■ **Exercise brief**
What is needed is an exact copy of the data below, pictures excluded.

══════════

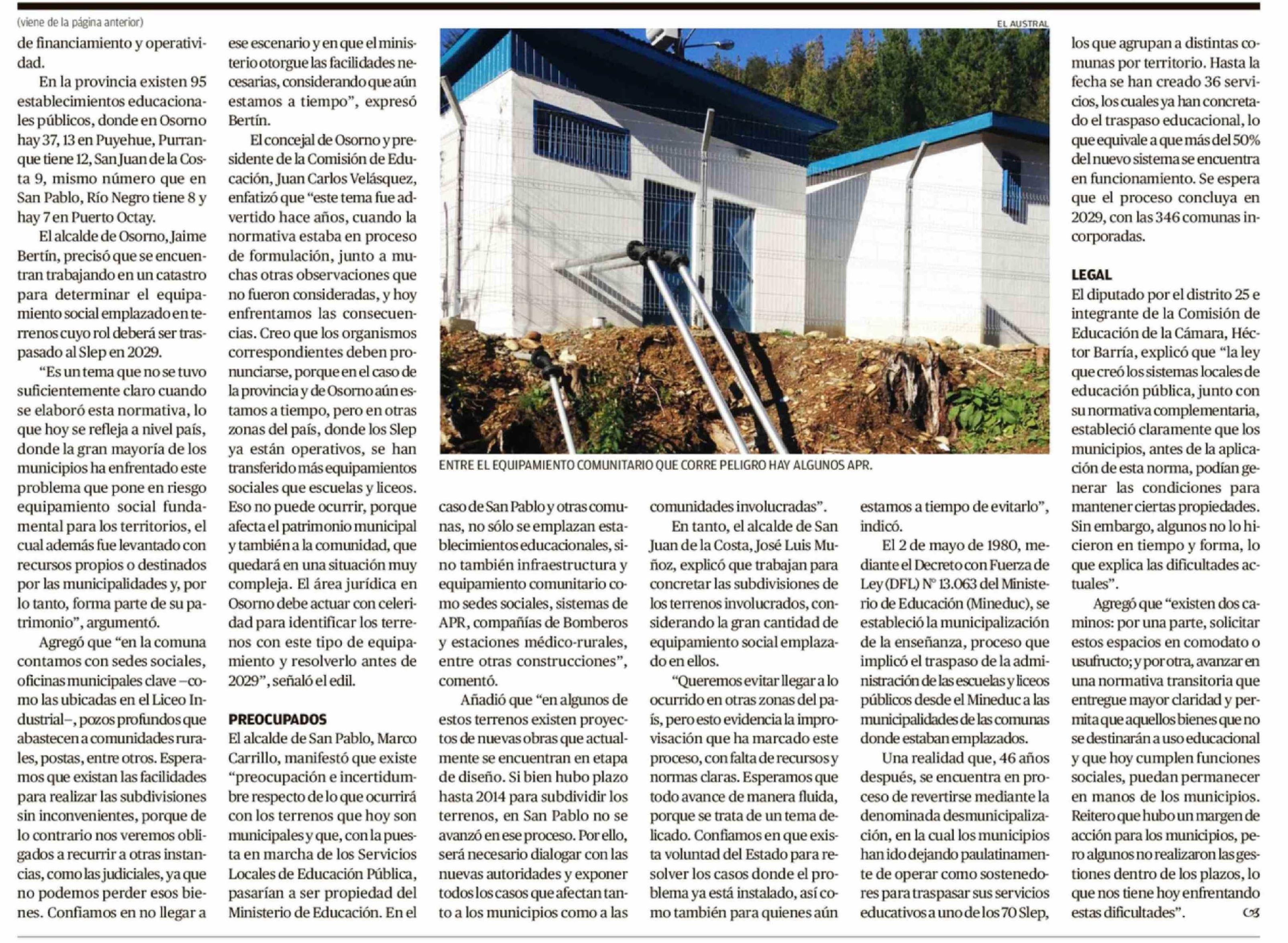 Traspaso al Slep: los municipios deberán entregar equipamiento social al Ministerio de Educación 22-03-2026 El Austral de Osorno |
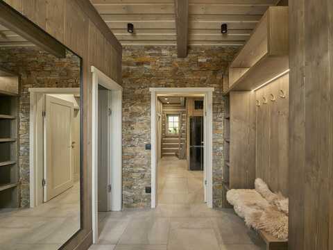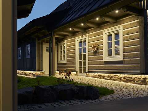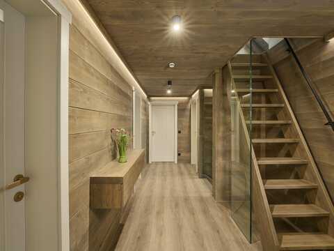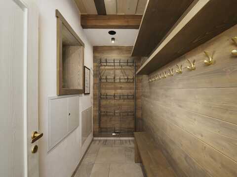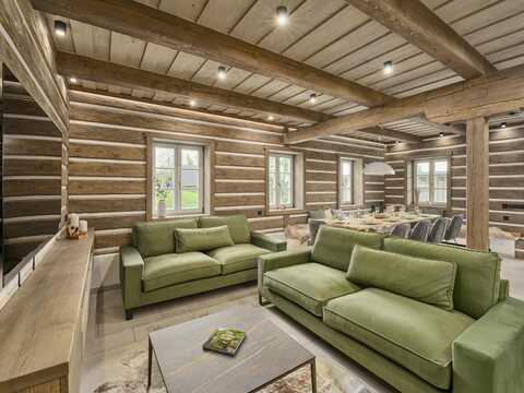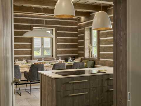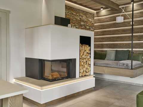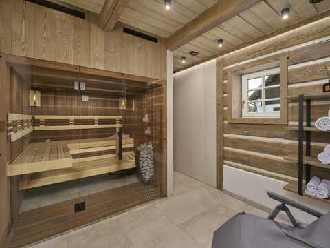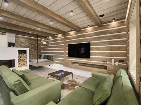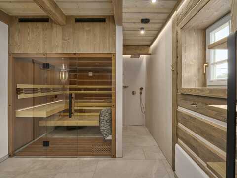 V přízemí se nachází prostorná obývací místnost s plně vybavenou kuchyní, velkým stolem a útulným prostorem k odpočinku u krbu. Dále zde najdete místnost pro sušení obuvi a oblečení, toaletu, saunu se sprchou a prostorem k relaxaci.
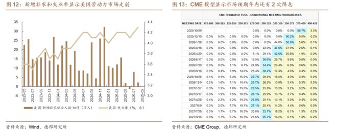另一方面,美联储的政策转向成为美元走弱的直接推动力。2025年9月,美联储在就业增速放缓的背景下再度开启降息,虽然鲍威尔的讲话偏鹰,更加强调就业与通胀间的平衡,并未释放连续降息的信号,但市场目前仍预期年内还有2次降息。从货币传导机制看,降息意味着美元收益率优势下降。过去几年美元走强的重要支撑之一正是美债利率吸引全球资本流入美元资产,随着利差收窄,投资者可能会重新评估美元资产的风险收益比。
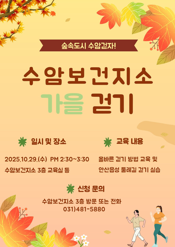 ‘수암 가을 걷기 교실’은 오는 29일(수) 오후 2시 30분부터 3시 30분까지 지역주민 50명을 대상으로 진행된다.
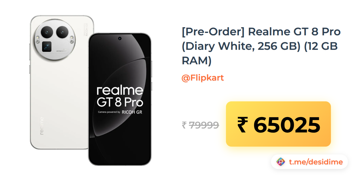 19% off on - [Pre-Order] Realme GT 8 Pro (Diary White, 256 GB) (12 GB RAM) - Rs. 65025
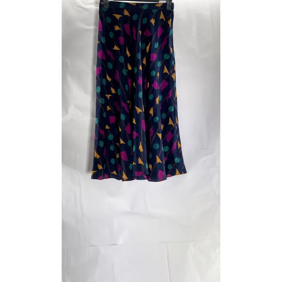 UMI COLLECTION By ANNE CRIMMINS Women's Navy/Multicolor Silk Midi Skirt SZ 4
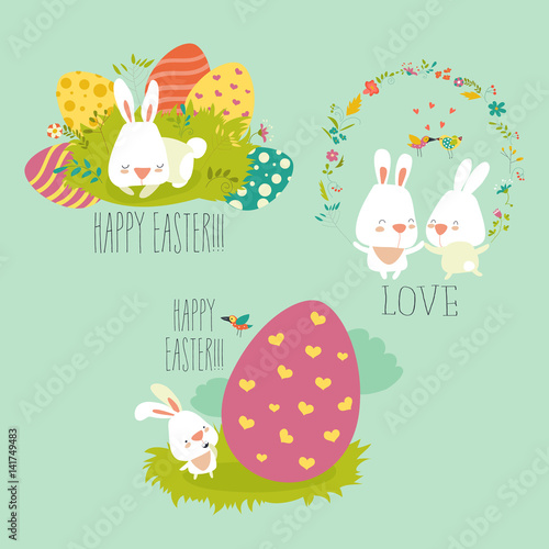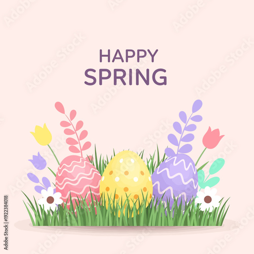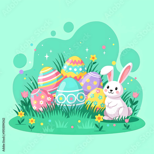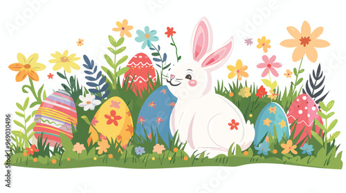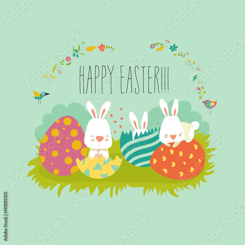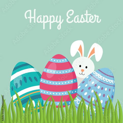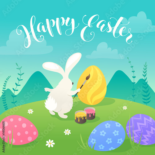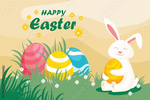 Поздравительная пасхальная открытка с пасхальными яйцами и пасхальным кроликом. Векторная иллюстрация в стиле бумажного искусства.
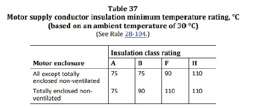 3) Where Table 37 requires insulation temperature ratings in excess of 75 °C, the motor supply insulated conductors shall
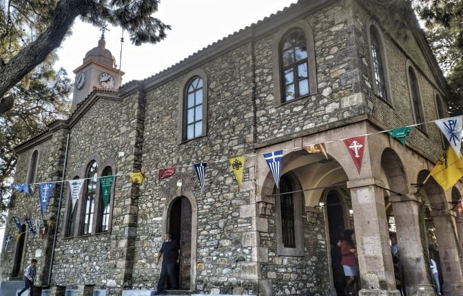 | The imposing structure of Virgin Mary built in 1896, a gothic-styled dome church, dedicated to the “Panagiouda” According to the local dialect |
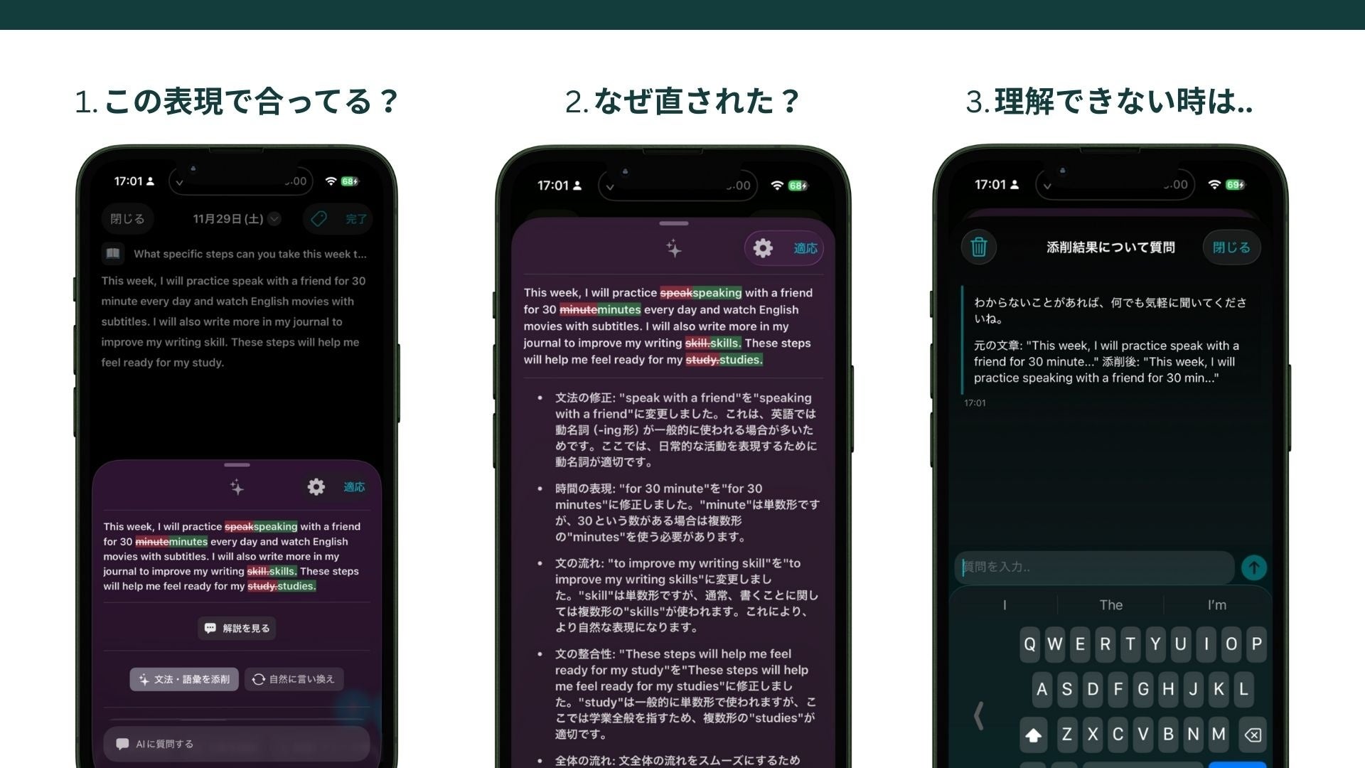 “日常の出来事を英語で書き、AIが自然な英語へ導く” という全く新しい学習体験を提供し、
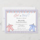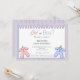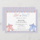 Girl or Boy? Find out at the gender reveal party and wear pink or blue to represent your guess! A fun twist on the traditional baby shower. The gender of the baby will be revealed at this celebration! Cute pink and blue design, with little baby pyjamas and a striped border.
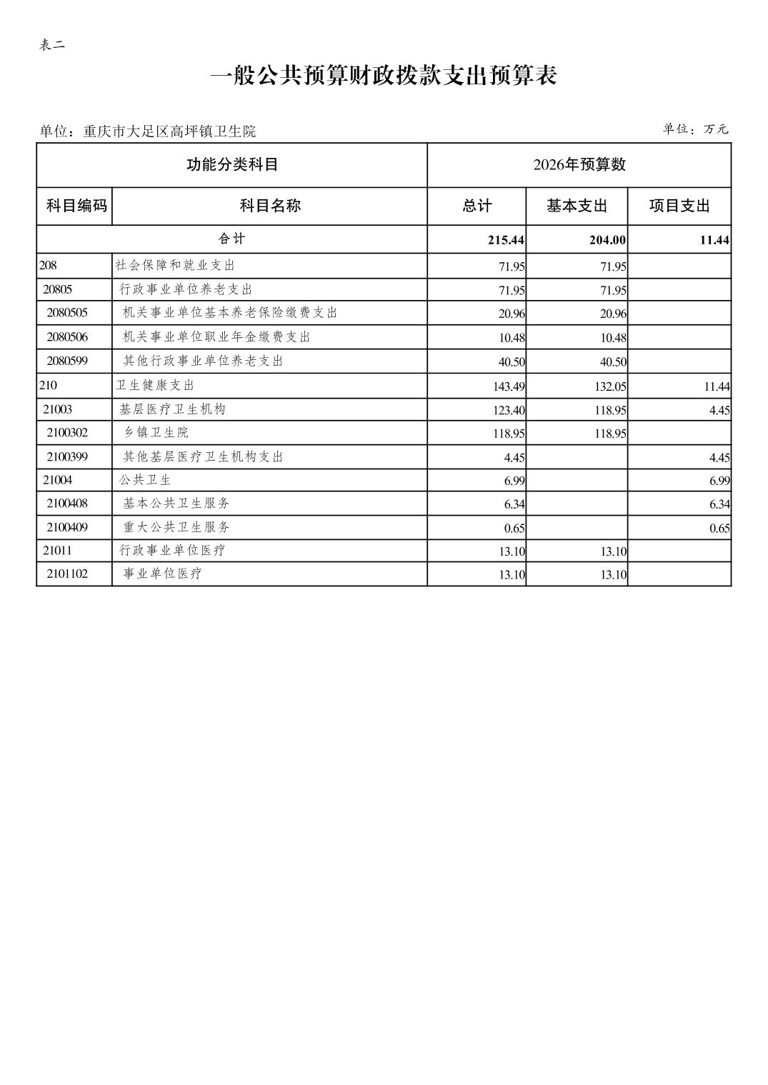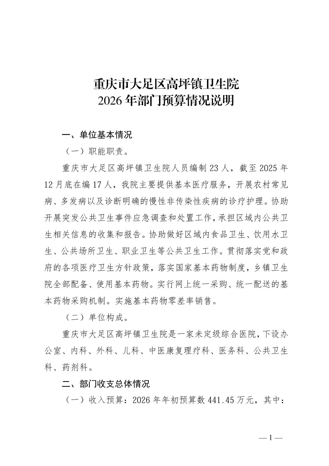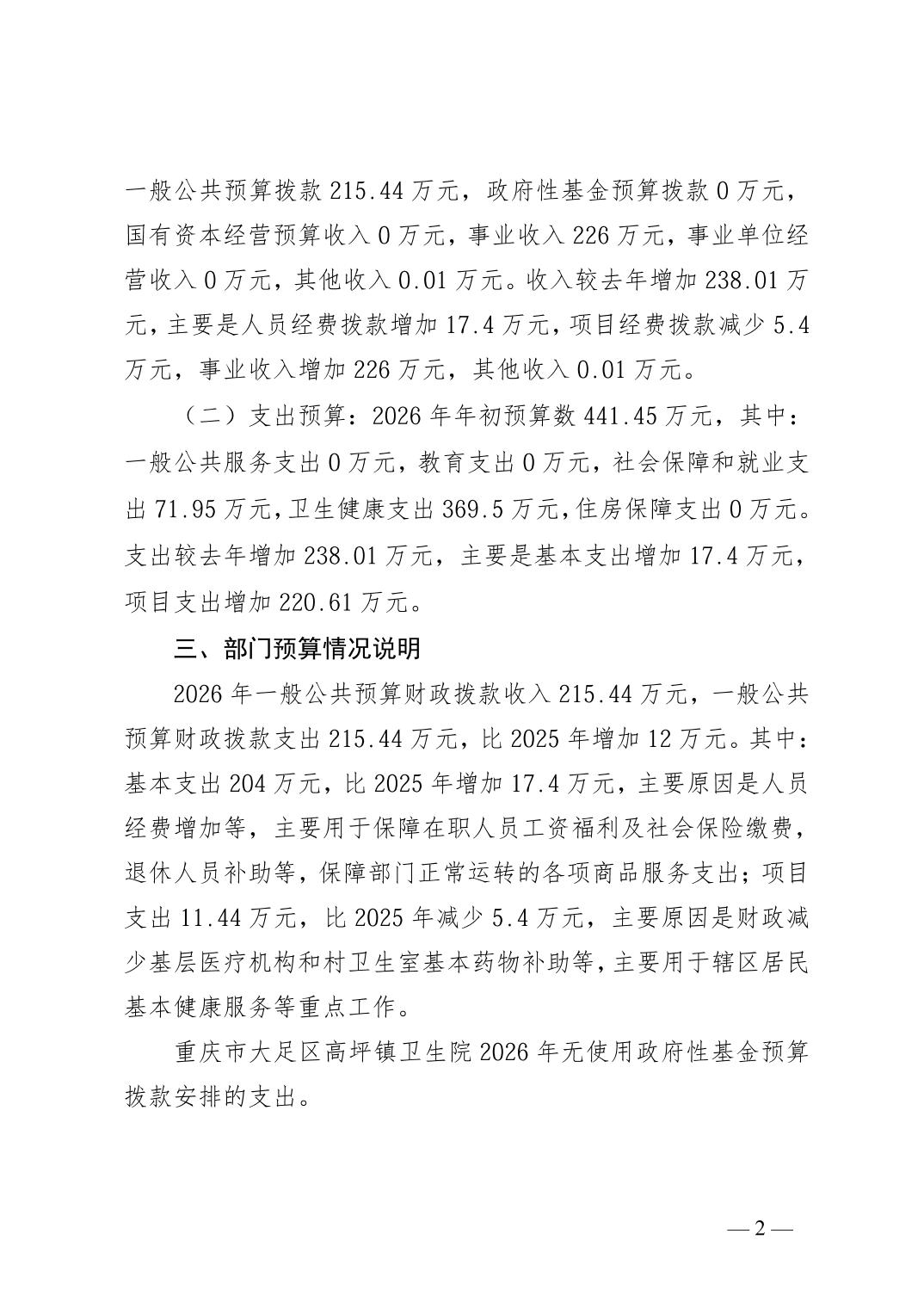 142028重庆市大足区高坪镇卫生院2026年预算公开(1)

══════════

■ **Completed task**
 Traspaso al Slep: los municipios deberán entregar equipamiento social al Ministerio de Educación 22-03-2026 El Austral de Osorno |
 V přízemí se nachází prostorná obývací místnost s plně vybavenou kuchyní, velkým stolem a útulným prostorem k odpočinku u krbu. Dále zde najdete místnost pro sušení obuvi a oblečení, toaletu, saunu se sprchou a prostorem k relaxaci.
另一方面,美联储的政策转向成为美元走弱的直接推动力。2025年9月,美联储在就业增速放缓的背景下再度开启降息,虽然鲍威尔的讲话偏鹰,更加强调就业与通胀间的平衡,并未释放连续降息的信号,但市场目前仍预期年内还有2次降息。从货币传导机制看,降息意味着美元收益率优势下降。过去几年美元走强的重要支撑之一正是美债利率吸引全球资本流入美元资产,随着利差收窄,投资者可能会重新评估美元资产的风险收益比。
 ‘수암 가을 걷기 교실’은 오는 29일(수) 오후 2시 30분부터 3시 30분까지 지역주민 50명을 대상으로 진행된다.
 19% off on - [Pre-Order] Realme GT 8 Pro (Diary White, 256 GB) (12 GB RAM) - Rs. 65025
 UMI COLLECTION By ANNE CRIMMINS Women's Navy/Multicolor Silk Midi Skirt SZ 4
 Поздравительная пасхальная открытка с пасхальными яйцами и пасхальным кроликом. Векторная иллюстрация в стиле бумажного искусства.
 3) Where Table 37 requires insulation temperature ratings in excess of 75 °C, the motor supply insulated conductors shall
 | The imposing structure of Virgin Mary built in 1896, a gothic-styled dome church, dedicated to the “Panagiouda” According to the local dialect |
 “日常の出来事を英語で書き、AIが自然な英語へ導く” という全く新しい学習体験を提供し、
 Girl or Boy? Find out at the gender reveal party and wear pink or blue to represent your guess! A fun twist on the traditional baby shower. The gender of the baby will be revealed at this celebration! Cute pink and blue design, with little baby pyjamas and a striped border.
 142028重庆市大足区高坪镇卫生院2026年预算公开(1)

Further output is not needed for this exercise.